→ The data
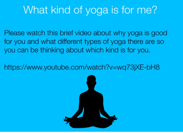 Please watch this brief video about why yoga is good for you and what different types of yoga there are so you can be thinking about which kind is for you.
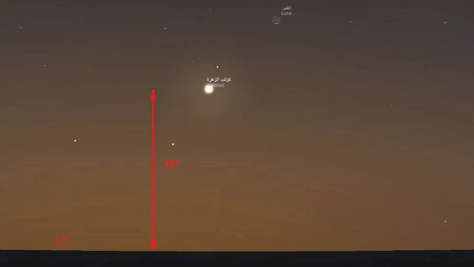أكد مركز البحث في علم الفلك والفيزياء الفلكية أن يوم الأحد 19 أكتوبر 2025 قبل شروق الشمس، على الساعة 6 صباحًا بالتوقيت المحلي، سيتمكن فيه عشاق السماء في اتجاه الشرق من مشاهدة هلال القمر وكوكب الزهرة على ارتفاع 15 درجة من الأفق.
...
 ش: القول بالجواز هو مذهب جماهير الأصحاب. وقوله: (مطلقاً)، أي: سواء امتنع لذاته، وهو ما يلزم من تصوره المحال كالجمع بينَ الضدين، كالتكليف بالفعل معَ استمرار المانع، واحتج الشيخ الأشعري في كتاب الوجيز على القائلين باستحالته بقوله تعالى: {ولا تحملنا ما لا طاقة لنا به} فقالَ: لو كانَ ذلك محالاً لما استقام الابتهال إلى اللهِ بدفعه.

→ Work task
Could you repeat, exactly, only the lines above starting at the one that has "Please watch this" and stopping after the one that has "أكد مركز البحث", without the pictures?

→ Answer to the exercise
 Please watch this brief video about why yoga is good for you and what different types of yoga there are so you can be thinking about which kind is for you.
أكد مركز البحث في علم الفلك والفيزياء الفلكية أن يوم الأحد 19 أكتوبر 2025 قبل شروق الشمس، على الساعة 6 صباحًا بالتوقيت المحلي، سيتمكن فيه عشاق السماء في اتجاه الشرق من مشاهدة هلال القمر وكوكب الزهرة على ارتفاع 15 درجة من الأفق.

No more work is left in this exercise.